The longitudinal study of early literacy socialization that we present in this book took place in the city of Baltimore, Maryland, on the eastern seaboard of the United States. We followed the lives of a cohort of children enrolled in the city's public schools for the 5 years from 1992 to 1997, from the age of 4 when they entered prekindergarten through the end of third grade at the age of 9. When we started our study, the Baltimore City Public School System, like school systems in other large urban areas, was struggling with limited success to provide its students with a good education. For example, 63% of students who should have graduated with the class of 1994 reportedly failed or dropped out prior to graduation (Baltimore City Public Schools System, 1999, section 8.2).

The children in our study came from low- and middle-income families of European American and African American heritage. Much of our focus was on the home environments in which these children were raised. We examined the intimate culture of each child's home, defined by a confluence of parental beliefs, recurrent activities, and interactive processes. We explored the relation between that intimate culture and the child's literacy development during the 5 years of our study. Because we did not want to place parents with low levels of individual literacy on the defensive, we deliberately cast a wide net and gave our study a general name, the Early Childhood Project. Our account of the children's literacy development also includes an analysis of the important cultural institution of school, one of whose explicit functions is to cultivate individual literacy.

The concept of literacy has three complementary facets. It is a dimension of personal development, an educational goal of the school curriculum, and a cultural resource of contemporary American society. We discuss the relations among these three facets, portraying education as a developmental opportunity, schooling as a social institution, and socialization and teaching as cultural practices. In the life of a child growing up in the city of Baltimore, becoming literate involves acquiring cognitive skills, participating in the social activities of both the family and the institution of school, and appropriating a set of cultural resources that are widely used across many settings.

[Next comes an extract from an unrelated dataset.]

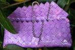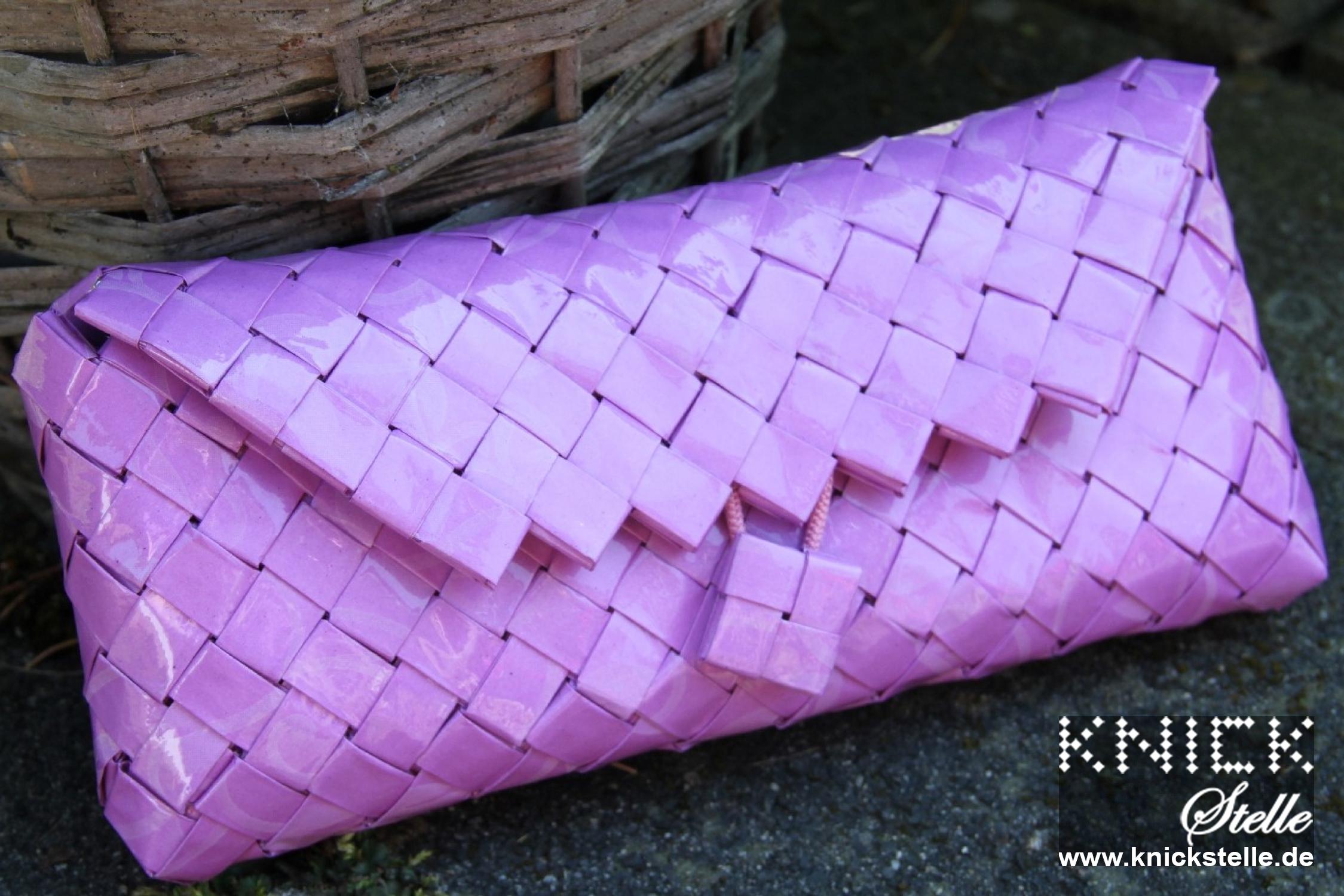 Mal rosa und mal lila wirkt diese Clutch. Daher kann Sie zu einer Vielzahl von Kleidungsstücken getragen werden. Durch die leichte Farbe wirkt sie dezent aber bestimmt. Auf dem Papier sind in hellerem Rosa bzw. Lila Ranken abgebildet, welche man bei näherer Betrachtung immernoch erkennen kann. Das Papier ist sehr dünn und führt zu einer sehr leichten und biegsamen Clutch. Passend zu ihrer hellen Farbe ist diese Clutch mit einer silbernen Trägerkette ausgestattet.

The theoretical framework of the Early Childhood Project was designed to integrate several strands of theory that emerged in the early 1990s from somewhat separate intellectual traditions: (1) a systems view of the context of human development (Bronfenbrenner, 1979, 1989); (2) the eco-cultural niche of child development (Gallimore, Weisner, Kaufman, & Berheimer, 1989; Super & Harkness, 1986); (3) cultural beliefs regarding the nature of caregiver responsibility and effectiveness (Goodnow & Collins, 1990; Miller, 1988; Sigel, 1986); (4) literacy as a cultural practice requiring skills (Heath, 1983; Scribner & Cole, 1981; Street, 1984); (5) participatory appropriation as an account of children's cognitive socialization (Lave & Wenger, 1991; Rogoff, 1990; Serpell, 1993a, 1993b; Vygotsky, 1978); and (6) emergent literacy (Sulzby & Teale, 1991). We discuss each tradition in the sections that follow. Next, we turn to an analysis of the cultural institution of school and how, over the course of history, it has assumed such a critical function in the promotion of individual literacy. We then propose an integrative synthesis of these various strands of theory in terms of children's developmental journeys at the interface between the cultures of home and school. The chapter ends with an overview of the plan of the book.

THE SOCIOCULTURAL ECOLOGY OF HUMAN DEVELOPMENT

The early theoretical notion that context served simply as external stimulation has given way to the more complex perspective of a system of social activity, informed by a system of cultural meanings (Serpell, 1993b, 1999). This theoretical shift has methodological implications. Such discussion acknowledges the common humanity of researchers, parents, and teachers and their responsibility to co-construct or negotiate a shared understanding of possibilities for the enhancement of children's developmental opportunities (Serpell, 1994).

Systems-oriented views of human development highlight the interdependency of human actors and focus on dyads and groups as self-sustaining units over and above what each individual brings to social interaction (Bronfenbrenner, 1979; Sameroff, 1983). Development, according to a systems perspective, consists of changes in the way that a child participates in social activities. An important dimension of that change is from a peripheral role to a more central one (Lave & Wenger, 1991). The developmentally more advanced person's participation earns him or her greater legitimacy, and he becomes more fully integrated into the social system that hosts the activity. For example, the less developmentally advanced child might quietly listen to his mother read a story, whereas the more advanced child might interject comments on elements of the story. As the child comes to participate more actively in reading interactions, he increasingly becomes acknowledged as a member of the community of literate practice, one whose opinions about the storybook count, because he has shown that an understanding of the medium in ways that are intelligible to other members of the literate culture. In later phases of development, the child will graduate to the status of a full-fledged reader, who can extract meaning from print without assistance and can participate more equally in discussions of the content of the text with other members of the literate community.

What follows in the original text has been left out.